▶ [Data]:
————

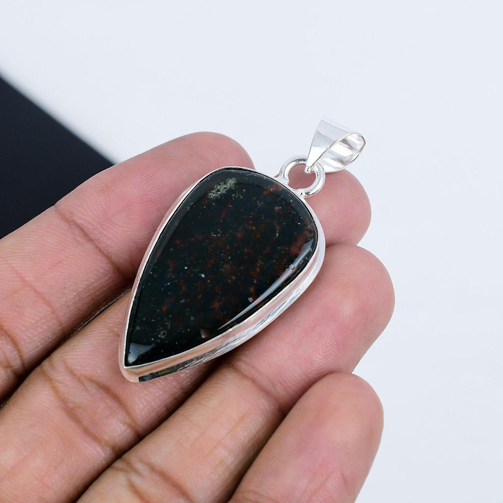 Серебряный кулон с натуральным кровавым камнем из стерлингового серебра 925 пробы — дизайн груши ручной работы, повседневная бижутерия, подарок на День благодарения
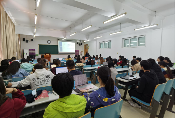 第二项是中文教研室各专业老师们分享论文指导经验。赵文彤老师首先提到学院一直以来对于学年论文和毕业论文都十分重视,同时也点出了一些同学们在写作时容易出现的问题。邹玉华老师肯定了这次活动的意义,进一步讲到了选题要由小题目入手,应收集目前讨论问题中还未解决未论证的点。其次是从语言学的角度,谈到运用材料、语料的必要。崔玉珍老师告诫同学们要打开自己的视野,寻找“梯子和砖”来绕过眼前暂时的障碍,可以通过论坛、座谈会等渠道了解别人的研究成果,以启发自我。其次,讲到要尝试抛掉自己的主观想法,不要先入为主,陷入原来的固定的思维中。卢燕娟老师列举了同学们写作中常见的问题,说到要区分研究领域和研究问题两个概念,注意论文结构,要准确辨析术语的概念,认识到其内涵以及外延。宋庆宝老师紧接着也讲了问题意识,谈到了课程论文、学年论文和毕业论文的相互关系。张彦老师从共性和个性的角度选择了文献这一点来讲述,督促同学们去阅读当下研究成果,选择自己可以尝试的方向,同时也要注意材料的选择和运用。徐文贵老师提出同学们要尽量选择自己感兴趣的写作题目,也要积极接受老师的意见,学习师兄师姐写作中的吃苦耐劳、坚持不懈的态度。张文老师强调了写作态度的重要性,希望同学们要多与老师沟通,另外要合理安排写作时间,制定完整的写作计划。熊忭老师提到这次论文是开始研究的一次契机,有着学术的意义,对习惯养成有着很大的帮助。谢丹凌老师提醒同学们,和老师的沟通要落实到实处,有效的沟通能够避免后期写作中可能出现的种种问题。刘洋老师根据今年鲲鹏论文比赛提出了选题、论证和论据的一些问题。张悦老师从“别人做了些什么”、“别人做得对不对”和“我还能做些什么”三句话来引入写作中的注意事项。最后,老师们共同预祝同学们写作顺利。
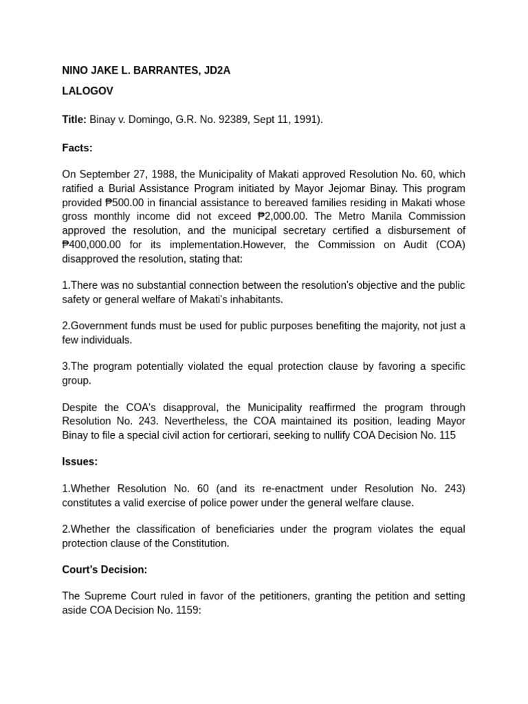 Title: Binay v. Domingo, G.R. No. 92389, Sept 11, 1991).
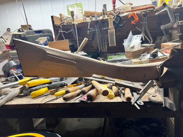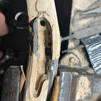Now that doesn't sound like a lot when you list it out, but it's a lot of tedious work and we ran into some challenges along the way. The biggest challenge we encountered was powderpost beatle damage in the stock. I'll post a separate blog about this with more detail on ways to resolve/deal with it, but you can see here the damage from the powderpost larvae. How did we fix it? We mixed wood shavings from the stock with the stain we're going to use and a bit of epoxy and filled in the holes, let it harden overnight and sanded it down.

————

▶ [Work instruction]: Your task is to reproduce all of the material exactly. The pictures stay out.

▶ [Worked solution]:
 Серебряный кулон с натуральным кровавым камнем из стерлингового серебра 925 пробы — дизайн груши ручной работы, повседневная бижутерия, подарок на День благодарения
 第二项是中文教研室各专业老师们分享论文指导经验。赵文彤老师首先提到学院一直以来对于学年论文和毕业论文都十分重视,同时也点出了一些同学们在写作时容易出现的问题。邹玉华老师肯定了这次活动的意义,进一步讲到了选题要由小题目入手,应收集目前讨论问题中还未解决未论证的点。其次是从语言学的角度,谈到运用材料、语料的必要。崔玉珍老师告诫同学们要打开自己的视野,寻找“梯子和砖”来绕过眼前暂时的障碍,可以通过论坛、座谈会等渠道了解别人的研究成果,以启发自我。其次,讲到要尝试抛掉自己的主观想法,不要先入为主,陷入原来的固定的思维中。卢燕娟老师列举了同学们写作中常见的问题,说到要区分研究领域和研究问题两个概念,注意论文结构,要准确辨析术语的概念,认识到其内涵以及外延。宋庆宝老师紧接着也讲了问题意识,谈到了课程论文、学年论文和毕业论文的相互关系。张彦老师从共性和个性的角度选择了文献这一点来讲述,督促同学们去阅读当下研究成果,选择自己可以尝试的方向,同时也要注意材料的选择和运用。徐文贵老师提出同学们要尽量选择自己感兴趣的写作题目,也要积极接受老师的意见,学习师兄师姐写作中的吃苦耐劳、坚持不懈的态度。张文老师强调了写作态度的重要性,希望同学们要多与老师沟通,另外要合理安排写作时间,制定完整的写作计划。熊忭老师提到这次论文是开始研究的一次契机,有着学术的意义,对习惯养成有着很大的帮助。谢丹凌老师提醒同学们,和老师的沟通要落实到实处,有效的沟通能够避免后期写作中可能出现的种种问题。刘洋老师根据今年鲲鹏论文比赛提出了选题、论证和论据的一些问题。张悦老师从“别人做了些什么”、“别人做得对不对”和“我还能做些什么”三句话来引入写作中的注意事项。最后,老师们共同预祝同学们写作顺利。
 Title: Binay v. Domingo, G.R. No. 92389, Sept 11, 1991).
Now that doesn't sound like a lot when you list it out, but it's a lot of tedious work and we ran into some challenges along the way. The biggest challenge we encountered was powderpost beatle damage in the stock. I'll post a separate blog about this with more detail on ways to resolve/deal with it, but you can see here the damage from the powderpost larvae. How did we fix it? We mixed wood shavings from the stock with the stain we're going to use and a bit of epoxy and filled in the holes, let it harden overnight and sanded it down.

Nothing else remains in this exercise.